My lodger has gone        Dd's bf went home this morning and i feel guilty now   Hope he doesnt think i pushed him out   But i am glad to have my house back.
Got ds and dd ill in bed. Freya has a high temp and i feel like i have swallowed razor blades   Oh the joy of illness  

Ally    I think maybe stick to water hun if she cant keep milk down   

Kelly you need a brace hun. I had to have one with lily    Poor you mine was in the back ( cant remember the name 4 it ) and my hips were coming apart   TRY and rest hun   

Emsy i forgot it was bonfire nite   My ds doesnt like fireworks. Cant say im too keen but we ill be going to dh's grandma's on sunday for some. Least it saves me buying and its the first time in 9 yrs we have been asked  

Veng hope all goes well today and hope you feel ok    

Hi to all you other lovely ladies   
Gonna try n get my head down now


----------



## Leicesterlou

Morning all 

Just a quick one you have been so  hope you are all well.

Veng well done on all those eggies and I   you get good fertilisation hun

Sorry no more personals feeling a bit   today but will be ok being silly as DH is now working away and I am going to miss him so much.  So I will pop back later when I have got my act together


----------



## sallyanne1

Aww lou you can borrow my dh if you like    

Im booked in to have my blood test done on friday for Hep B i think   Then its all systems go    I have been matched with 1 lady and they are waiting to hear back from the other one.


----------



## Leicesterlou

Sallyanne thats great news hun, bet your excited now such a gift you are giving....  Thanks for lending out your DH


----------



## sallyanne1

Tbh i dont see that im giving a gift   The way i see it is if i have plenty then share because i dont need them and there are so many women who need something i have got. To me its like giving someone a cup of sugar    i dont actually look at the fact it could/will be a baby   Cant say im looking forward to doing the jabs or the sedation as last time i had a really bad time   I came round half way through and my blood pressure shot up due to pain but once i had some codien (sp?) then i was ok.


----------



## allybee17

morning well still have a poorly girl so will defo be taking her to the gp later. not gonna feed her today she did have her morning milk but again threw it all back up, i have managed to get her to drink 7oz of water with diralyte in it sure thats spelt wrong!!!!!

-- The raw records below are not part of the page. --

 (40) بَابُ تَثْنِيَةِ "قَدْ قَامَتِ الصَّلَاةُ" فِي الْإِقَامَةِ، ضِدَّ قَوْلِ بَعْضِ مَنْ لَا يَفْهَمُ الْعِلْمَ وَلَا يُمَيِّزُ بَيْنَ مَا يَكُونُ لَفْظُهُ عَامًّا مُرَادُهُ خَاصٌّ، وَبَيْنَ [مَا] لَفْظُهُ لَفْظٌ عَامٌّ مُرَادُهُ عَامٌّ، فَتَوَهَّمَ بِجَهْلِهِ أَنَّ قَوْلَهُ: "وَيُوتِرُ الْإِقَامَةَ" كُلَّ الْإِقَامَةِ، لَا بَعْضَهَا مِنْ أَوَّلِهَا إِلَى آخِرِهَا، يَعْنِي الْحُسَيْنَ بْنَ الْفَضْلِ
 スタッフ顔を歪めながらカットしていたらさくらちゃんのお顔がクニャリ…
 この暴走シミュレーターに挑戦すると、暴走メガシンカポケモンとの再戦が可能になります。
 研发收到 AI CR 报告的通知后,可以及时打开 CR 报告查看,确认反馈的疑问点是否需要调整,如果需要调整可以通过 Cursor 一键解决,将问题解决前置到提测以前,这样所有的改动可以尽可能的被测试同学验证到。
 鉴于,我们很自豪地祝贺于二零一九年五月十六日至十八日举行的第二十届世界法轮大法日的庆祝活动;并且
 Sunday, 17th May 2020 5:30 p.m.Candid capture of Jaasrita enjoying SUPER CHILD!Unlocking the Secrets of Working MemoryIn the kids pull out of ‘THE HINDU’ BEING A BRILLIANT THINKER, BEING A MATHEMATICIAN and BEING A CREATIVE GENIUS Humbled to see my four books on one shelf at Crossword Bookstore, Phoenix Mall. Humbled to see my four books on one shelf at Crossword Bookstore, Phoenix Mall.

sallyanne i was thinking i'd like to donate some eggs again but i don't think i'd get the chance to get up to the lister be a bit of a stress with the twins. plus i'm now 35 so guess i'd be to old!!!! but i'd like to to do it again i was one of those funny ones that actually enjoyed my tx and missed it once i was finished!!!!!!!!!!!!!!!

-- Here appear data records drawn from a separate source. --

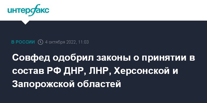 Москва. 4 октября. INTERFAX.RU - Совет Федерации на заседании во вторник проголосовал за законы о вхождении в состав России Донецкой и Луганской народных республик, Запорожской и Херсонской областей.
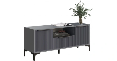 В центре композиции располагается ТВ-тумба размером 135 × 40,6 × 56,5 см. Её эргономичная конструкция включает пять полок (одна открытая), две распашные дверцы и выдвижной ящик для удобного размещения техники и хранения аксессуаров.
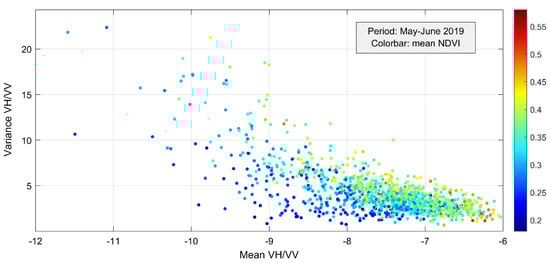 In order to identify the periods in which maize starts to grow, the SAR data were analyzed for the period from May to June. The mean and variance of VH/VV over time in each field are shown in Figure 5: each point in the scatterplot represents the VH/VV statistics from May to June, colored according to the mean NDVI calculated for the same period.
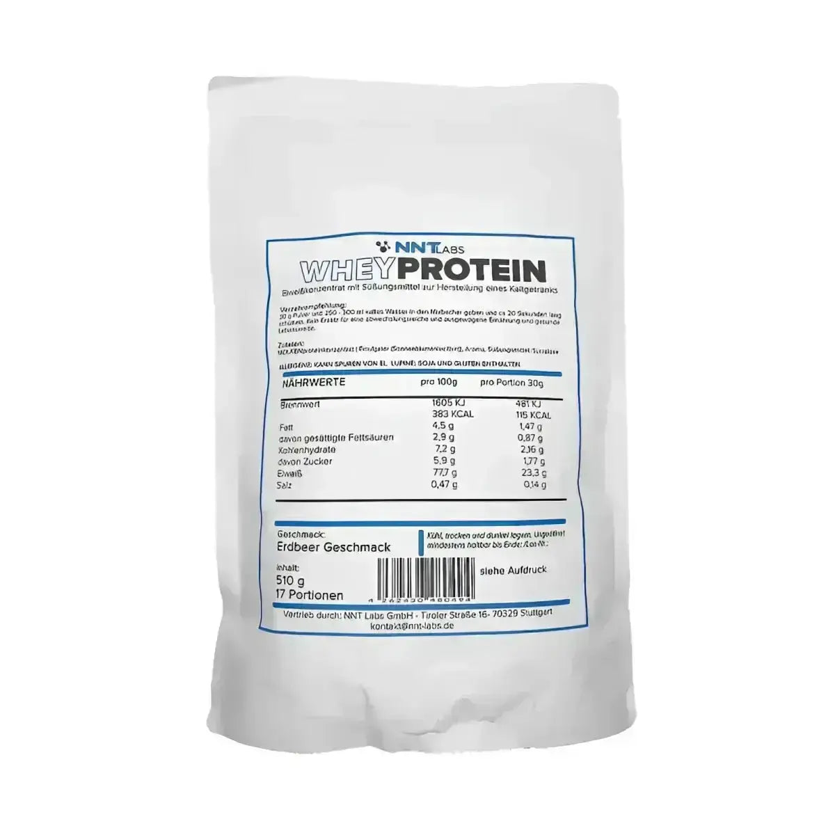 NNT Whey 510g ist ein hochwertiges Molkenproteinkonzentrat, das in Deutschland hergestellt wird. Es bietet eine cremige Konsistenz und ist glutenfrei.
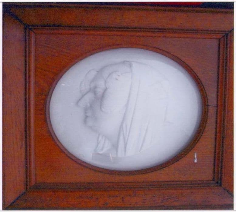 Bas-relief en plâtre de forme ovale dans un cadre en bois carré.
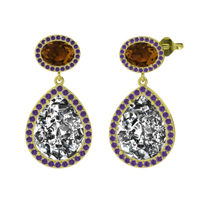 Beyaz zirkon, dumanlı kuvars ve ametist 14 ayar altın küpe
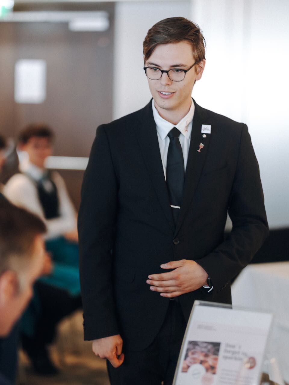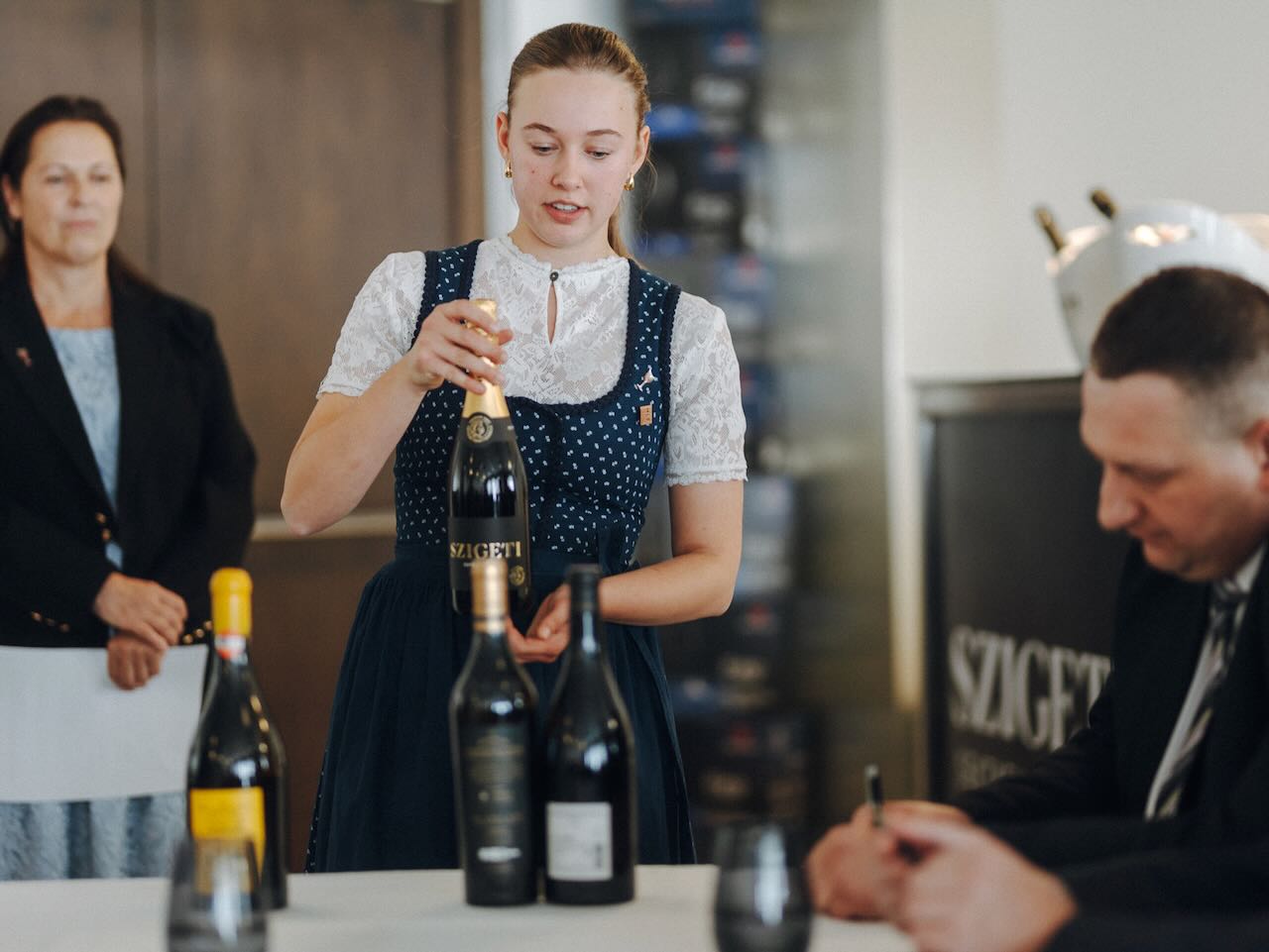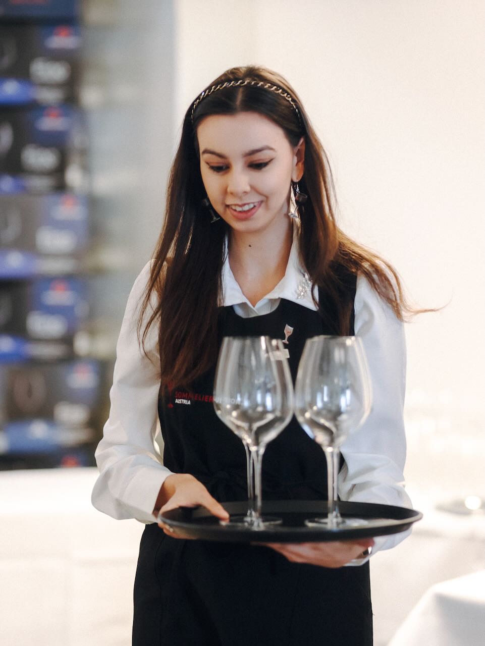 Im Finale wurden verschiedene Restaurantsituationen simuliert. So hatten an einem Tisch die Gäste vier Weine selbst mitgebracht, die es schlüssig zu reihen galt – nebst Empfehlung einer passenden Menüfolge und eines Zusatzverkaufs. An einem anderen Tisch klang die Aufgabe, eine Flasche Rotwein in zehn Minuten zu servieren, zunächst unspektakulär. Hier hatten die Gäste allerdings viele Fragen zum Wein, und schließlich äußerte ein Gast den Wunsch nach einer Alternative zum Wein, die auf Basis definierter Vorgaben auszuwählen und zu servieren war. Spannend erwies sich außerdem die Aufgabe, drei Weine aus schwarzen Gläsern zu verkosten und zu beschreiben, wobei der Rotwein als kleine Hürde – wie die Weißweine – gekühlt war. Weiters mussten drei Spirituosen nur durch Riechen benannt werden – Gin, Marillenbrand und Whiskey. Schließlich wurde auch noch Wissen abgefragt, etwa von welchem Hersteller der erste Sekt in Österreich produziert wurde, welche Erfindung auf Lenz Moser zurückgeht, welche Rebsorten sich hinter Schilcher und Uhudler verbergen oder wo Master of Wine Roman Horvath arbeitet.
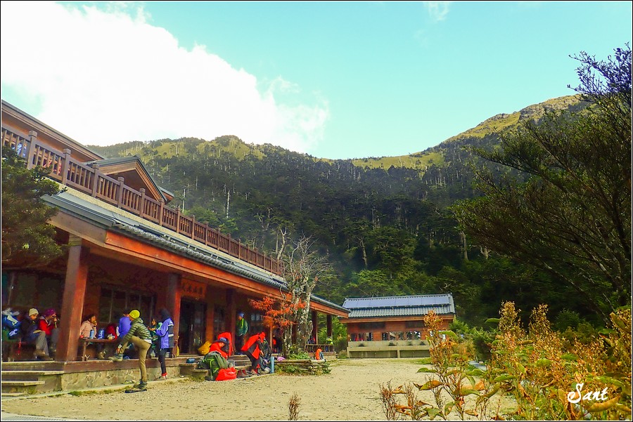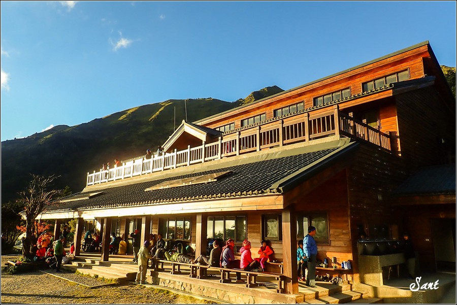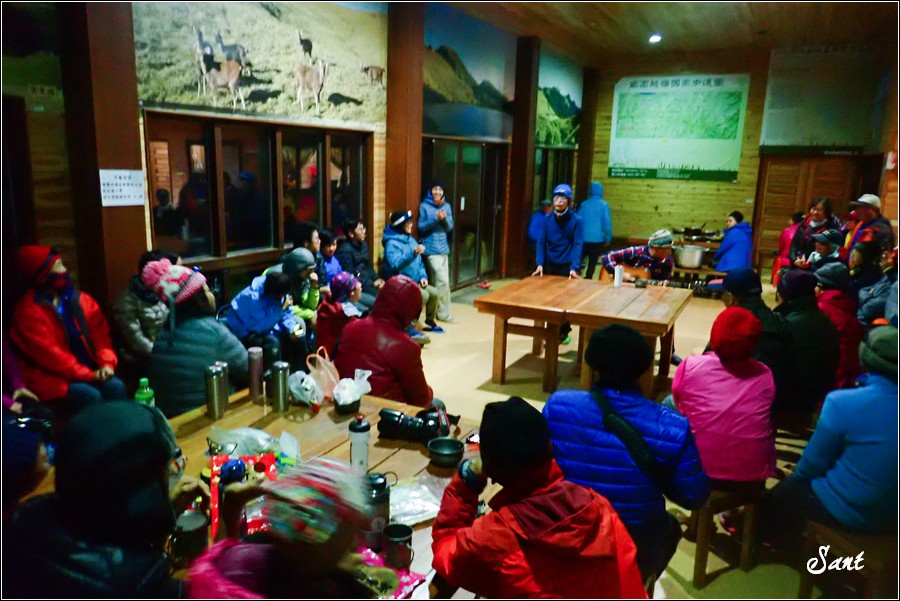 客滿的山莊裡頭的山友們通通以為她們太晚進登山口,只有老狼忍不住表達關懷之意(因為其中一位年輕美咩長的實在令狼心動的漂亮,就像第一次見到小紅帽心臟會跳的感覺),美咩說她們早上8點20進登山口(晚我們約30~40分鐘),過了福雲宮之後發現走到路的盡頭,「沒路了!」,她們退回到福雲宮,擔心0.3K開始施工,所以走高繞閃過施工段,退回到屯原登山口,大家商量該怎麼走,她們走高繞段進能高越嶺道。老狼:我的老天鵝!

off christmas shopping to day already done the twins gonna start my oldest daughters now from fisher price to new look how funny

hiya everyone still trying to keep up with everyone but i'm reading through 

allyson


----------



## Leicesterlou

Sallyanne I agree I thought of it that way when I did it too but not sure I could go through the jabs etc again  

Allyson sorry to hear your daughter is still poorly, best to take her to the docs good to hear you have got the water and diraylte down her hopefully she will be better soon


----------



## veng

well i just got a call back and they said 6 have show signs of fertilisation and 4 have been frozen im to call back tomorrow to find out it more has? is this good out of 18 i thought there would of been more


----------



## watn1

Just popped by to say Well Done to Veng -  You must be in a little pain hun?... I was with just 25 eggs!
I’m not sure how good fert rates are hun with Just IVF as i think a lot of us have had ICSI.... Don’t worry you have 4 frozen and you can only use 2 of them so that’s all you need.
You are in the same boat as me & Vik’s then.. Dam OHSS   I had to wait for my withdrawal bleed (about 2 weeks after EC) and then I was allowed to go on for FET on next AF (well you know how far that got me) So here i am again.. Blooming waiting around for AF (AGAIN) 
Also it's worth saying then on my scan the other day Dr told me my Ovaries were still a little larger then normal and i still have a little fluid so for me 3rd AF is probably better.
Make sure you get loads of rest & drink LOADS as my OHSS suddenly came from nowhere about 3-4 days after EC & it wasn’t nice.. Nothing to say you will get it though..x

Emsie – I’m still lurking waiting for your BFP sweetie.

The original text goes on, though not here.